Data to examine.
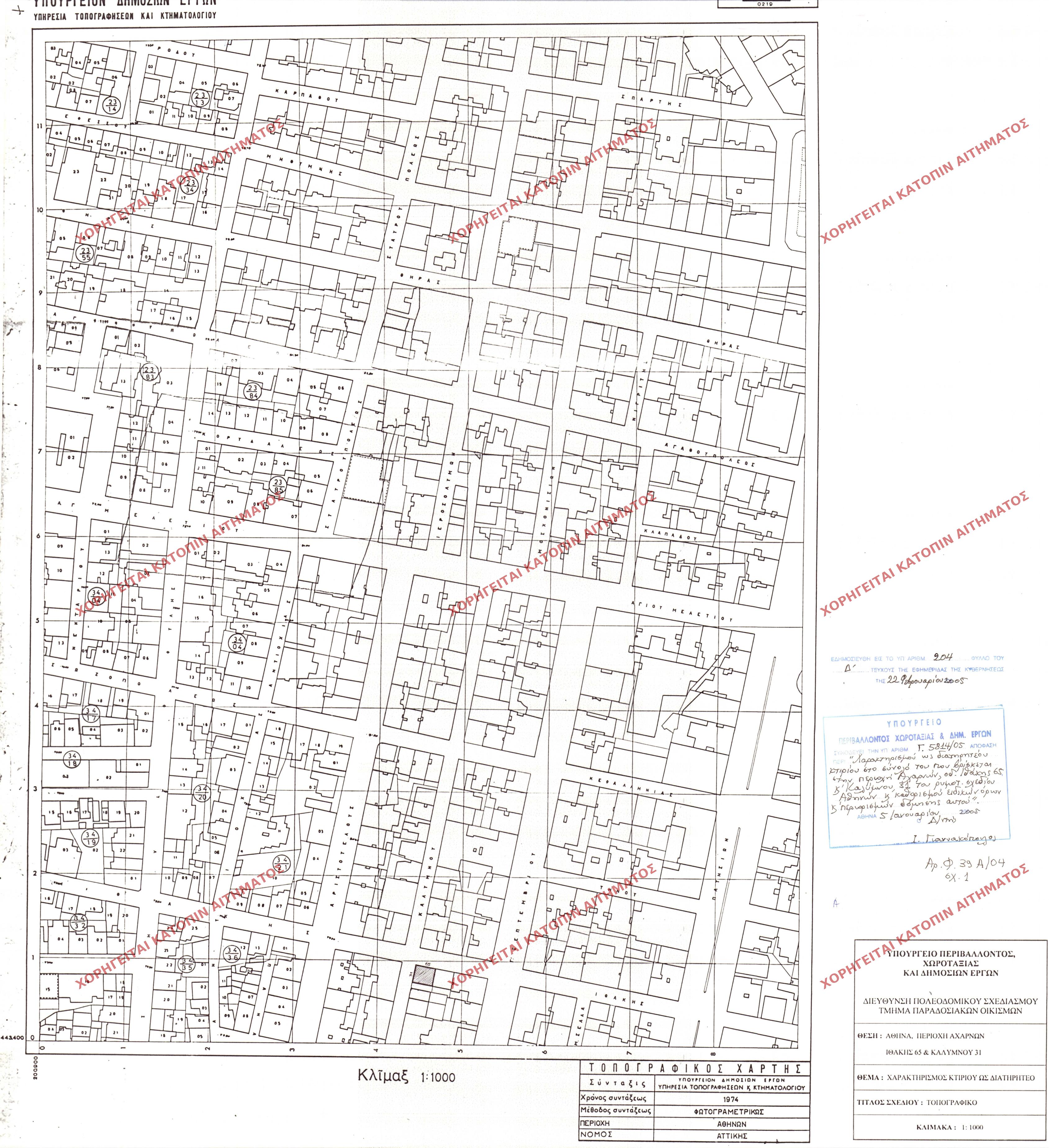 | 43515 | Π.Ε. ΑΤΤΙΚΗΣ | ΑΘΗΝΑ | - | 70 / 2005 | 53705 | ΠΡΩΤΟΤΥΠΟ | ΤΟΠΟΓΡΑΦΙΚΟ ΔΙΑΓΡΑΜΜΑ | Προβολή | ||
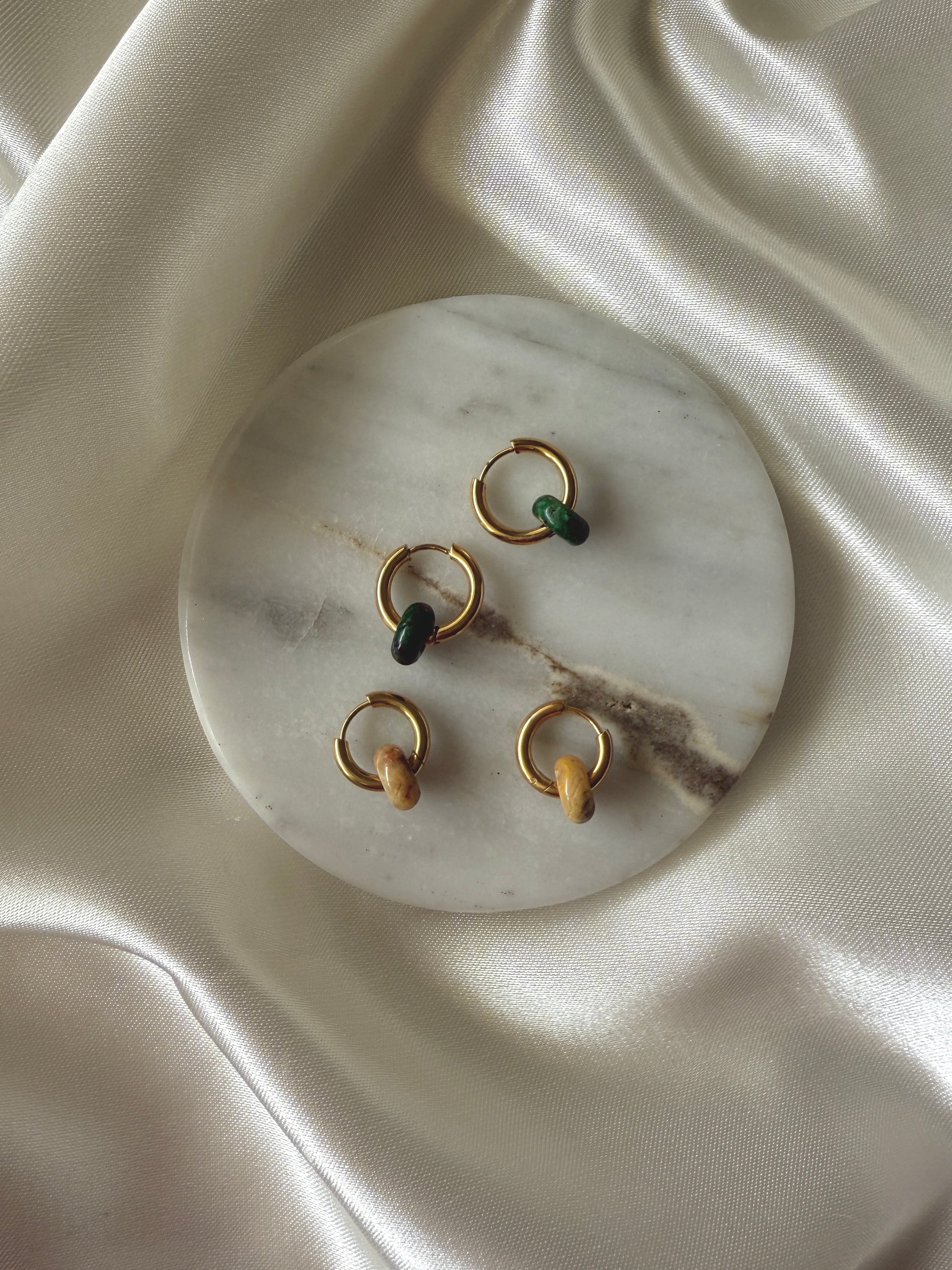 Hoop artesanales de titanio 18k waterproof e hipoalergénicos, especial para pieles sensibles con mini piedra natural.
==
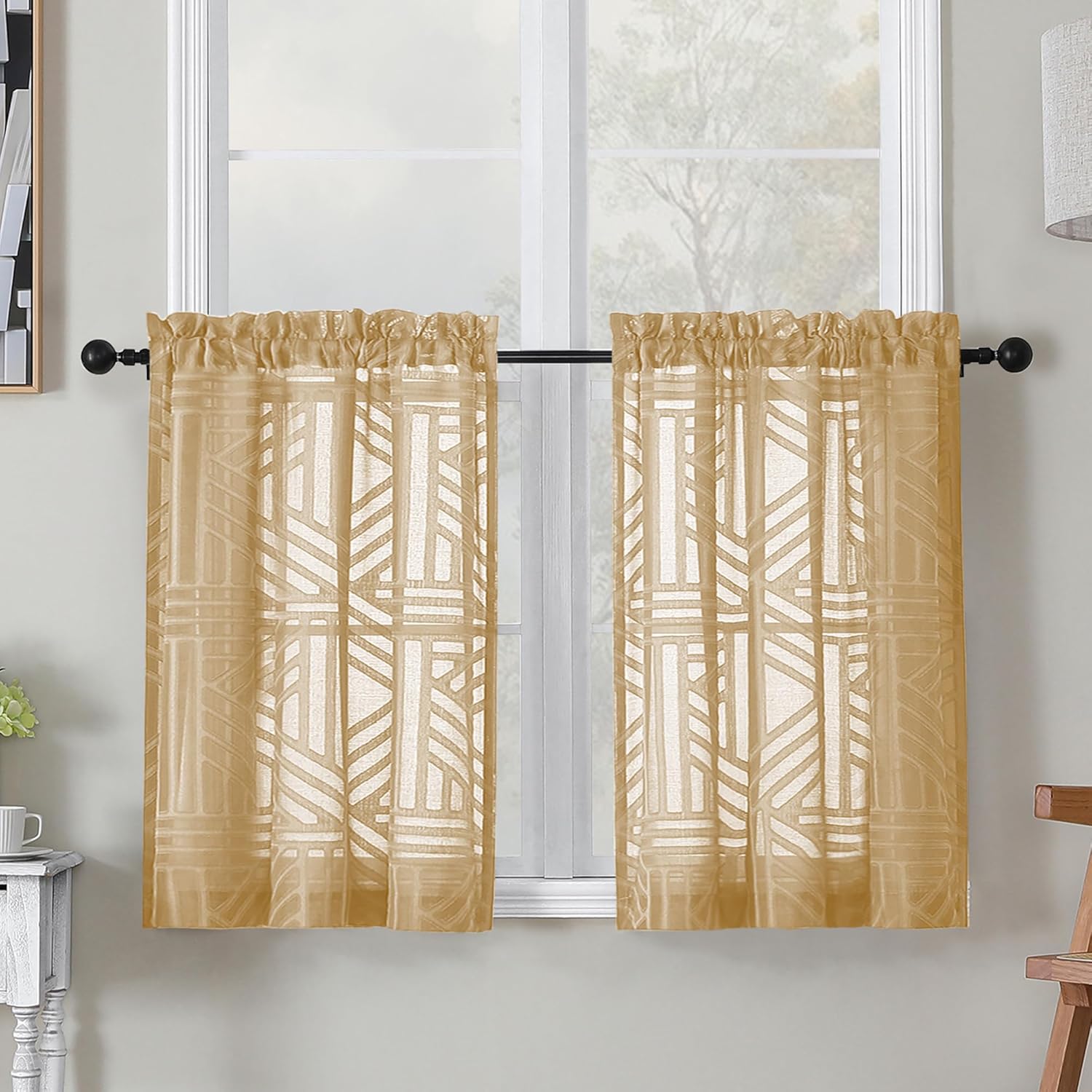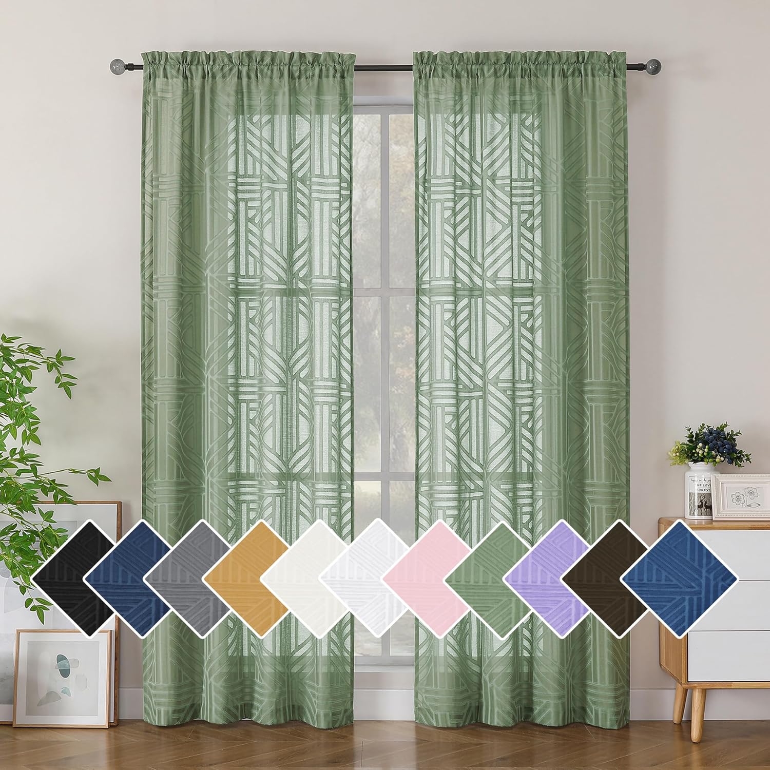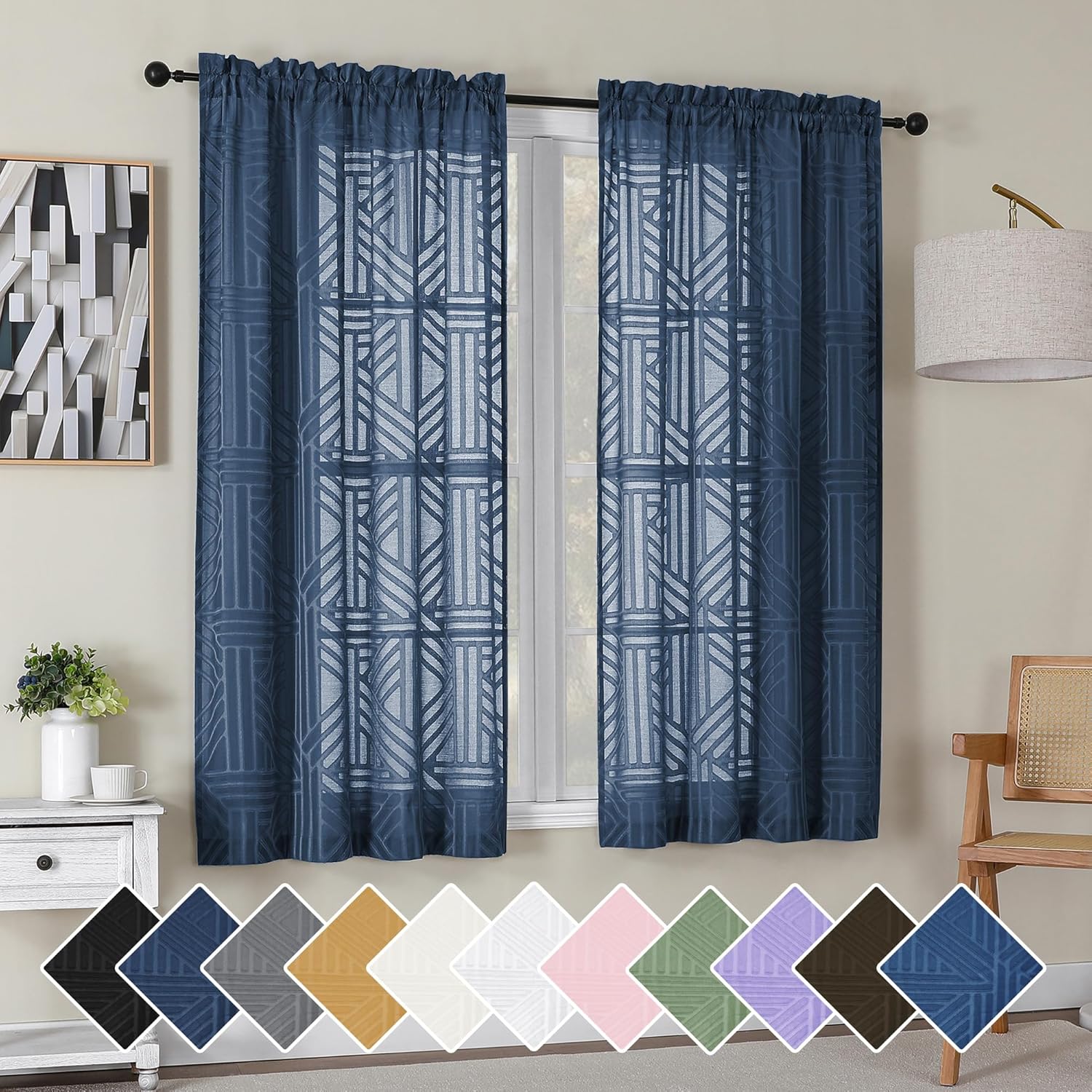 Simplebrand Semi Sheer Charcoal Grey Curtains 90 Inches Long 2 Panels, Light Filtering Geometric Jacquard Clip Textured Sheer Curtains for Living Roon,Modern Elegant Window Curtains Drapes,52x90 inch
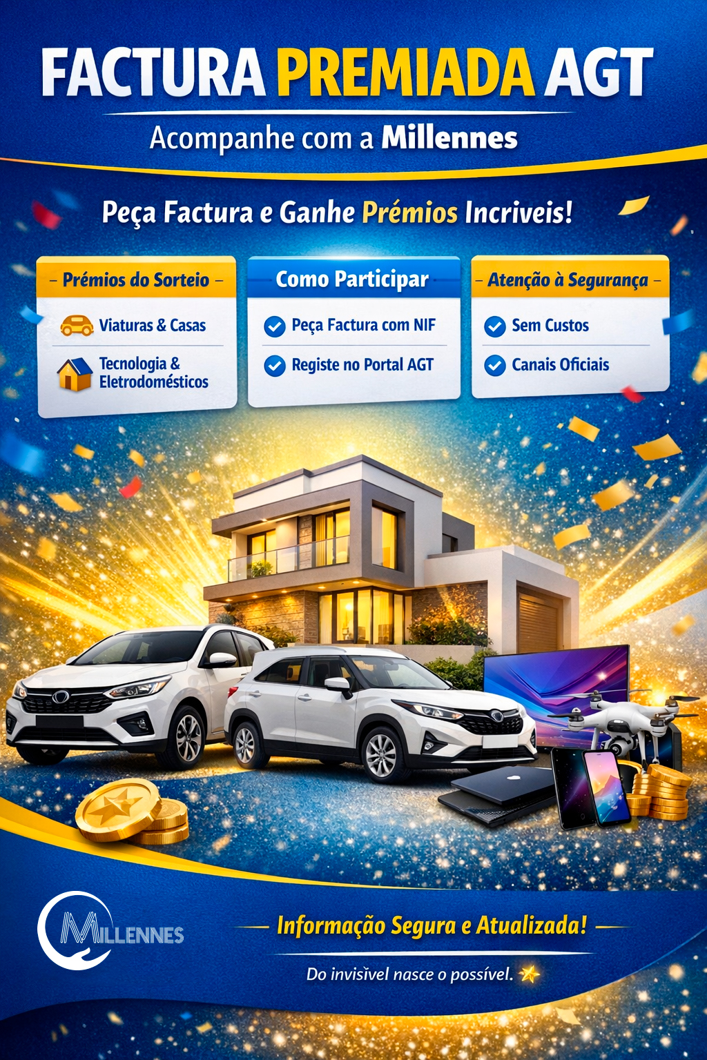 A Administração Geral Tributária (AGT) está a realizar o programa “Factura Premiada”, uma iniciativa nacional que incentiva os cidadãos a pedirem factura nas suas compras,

Prompt.
Only one part of the listing is wanted: the lines from the one containing "Προβολή | ||" through the one containing "Hoop artesanales de", both included. Please transcribe it exactly, leaving out the pictures.

Final answer.
 | 43515 | Π.Ε. ΑΤΤΙΚΗΣ | ΑΘΗΝΑ | - | 70 / 2005 | 53705 | ΠΡΩΤΟΤΥΠΟ | ΤΟΠΟΓΡΑΦΙΚΟ ΔΙΑΓΡΑΜΜΑ | Προβολή | ||
 Hoop artesanales de titanio 18k waterproof e hipoalergénicos, especial para pieles sensibles con mini piedra natural.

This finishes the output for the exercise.